**Task brief:** Could the data below be retyped exactly, without its pictures?

**Data shown:**
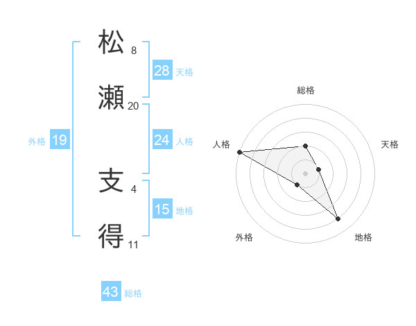 松瀬 支得さんを姓名の画数から五運を鑑定
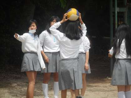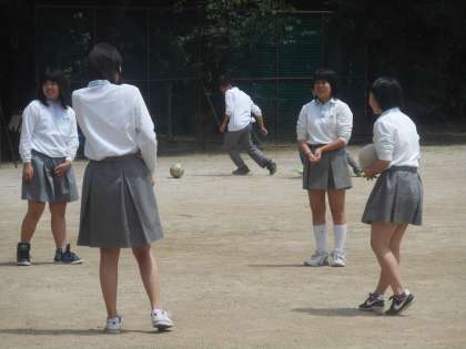 女子もバレーボールで,グラウンドのあちこちでたくさん遊んでいます。
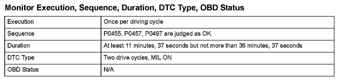 Monitor Execution, Sequence, Duration, DTC Type, OBD Status

**Answer for this exercise:**
 松瀬 支得さんを姓名の画数から五運を鑑定
 女子もバレーボールで,グラウンドのあちこちでたくさん遊んでいます。
 Monitor Execution, Sequence, Duration, DTC Type, OBD Status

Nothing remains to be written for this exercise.